TASK GOAL ▸ Would you copy only the lines below, from the one containing "- 材料包含2粒线材 需要自己动手编织,非成品" through the very last one, leaving the pictures out?

MATERIAL PROVIDED ▸
------------------------------------------------

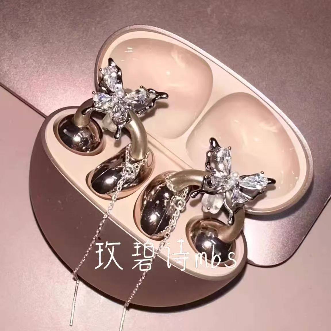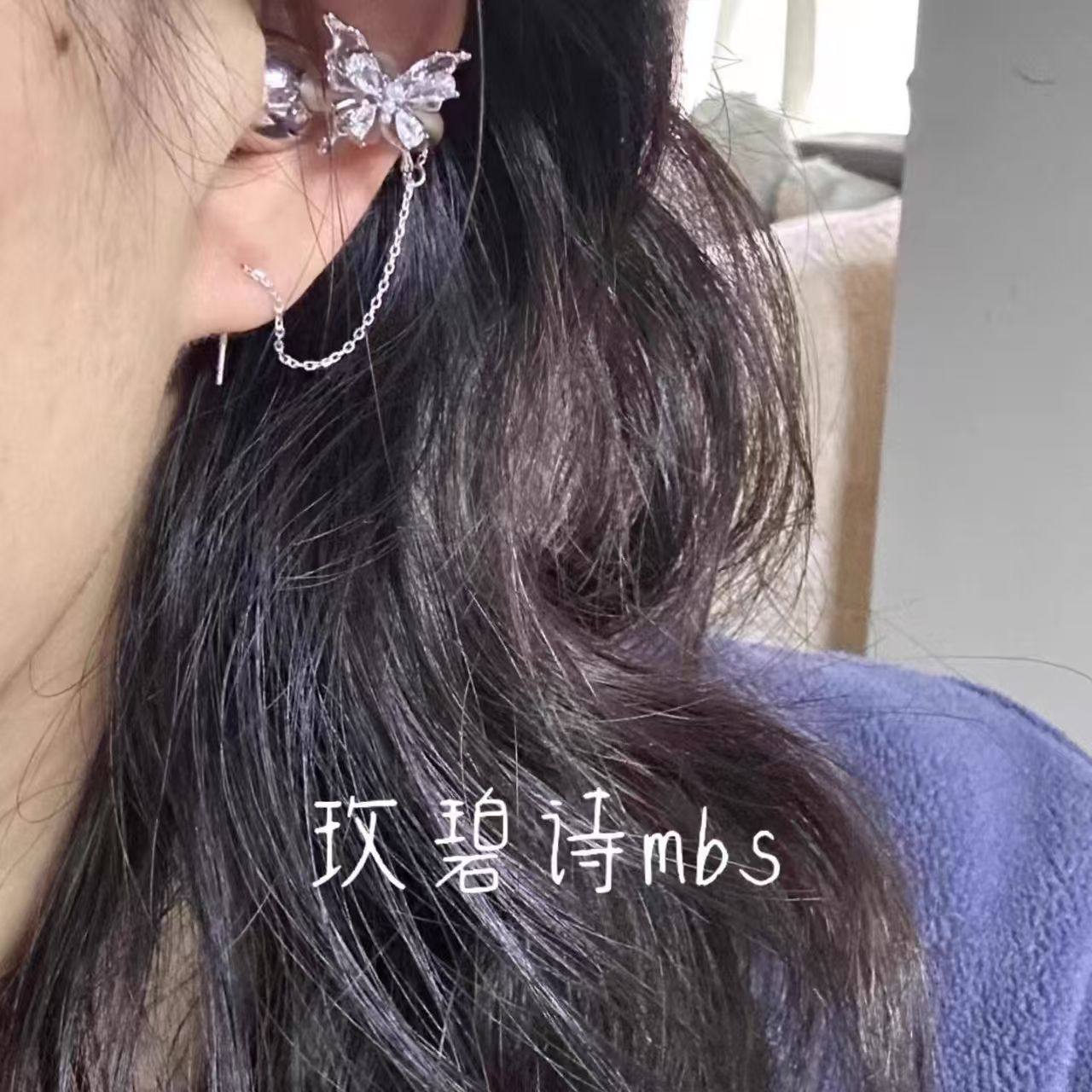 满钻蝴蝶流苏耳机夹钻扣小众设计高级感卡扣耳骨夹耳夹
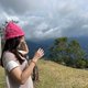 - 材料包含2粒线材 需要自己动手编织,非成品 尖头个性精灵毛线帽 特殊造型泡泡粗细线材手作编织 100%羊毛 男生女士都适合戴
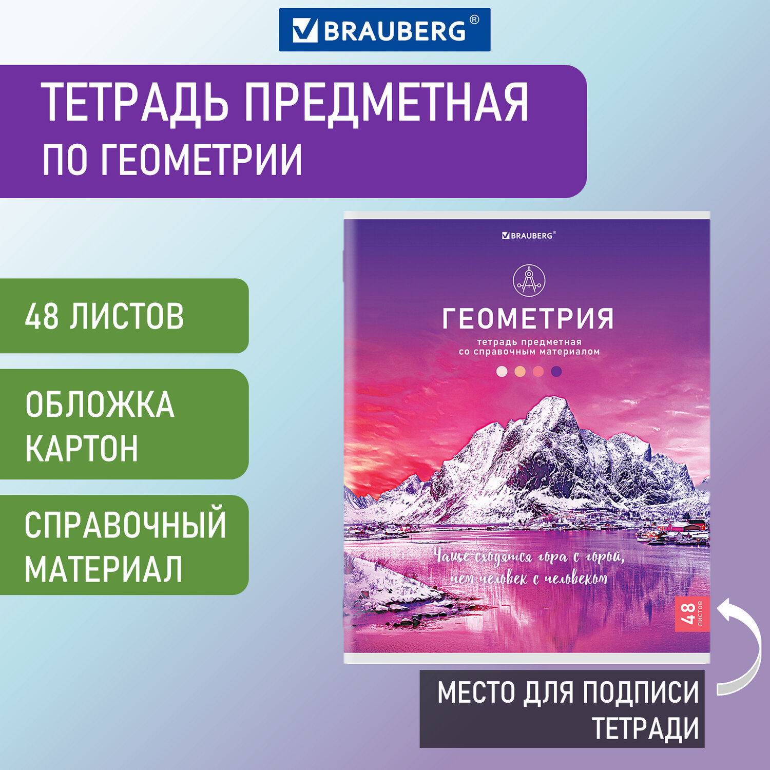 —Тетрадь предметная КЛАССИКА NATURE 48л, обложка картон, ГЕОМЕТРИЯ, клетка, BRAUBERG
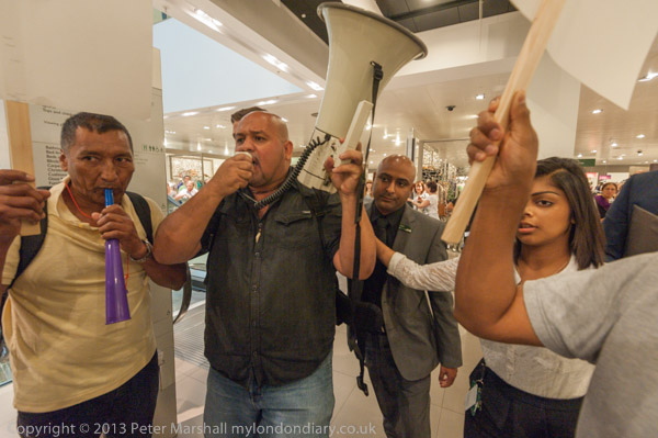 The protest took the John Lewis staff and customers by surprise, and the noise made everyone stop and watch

------------------------------------------------

PROBLEM SOLUTION ▸
 - 材料包含2粒线材 需要自己动手编织,非成品 尖头个性精灵毛线帽 特殊造型泡泡粗细线材手作编织 100%羊毛 男生女士都适合戴
 —Тетрадь предметная КЛАССИКА NATURE 48л, обложка картон, ГЕОМЕТРИЯ, клетка, BRAUBERG
 The protest took the John Lewis staff and customers by surprise, and the noise made everyone stop and watch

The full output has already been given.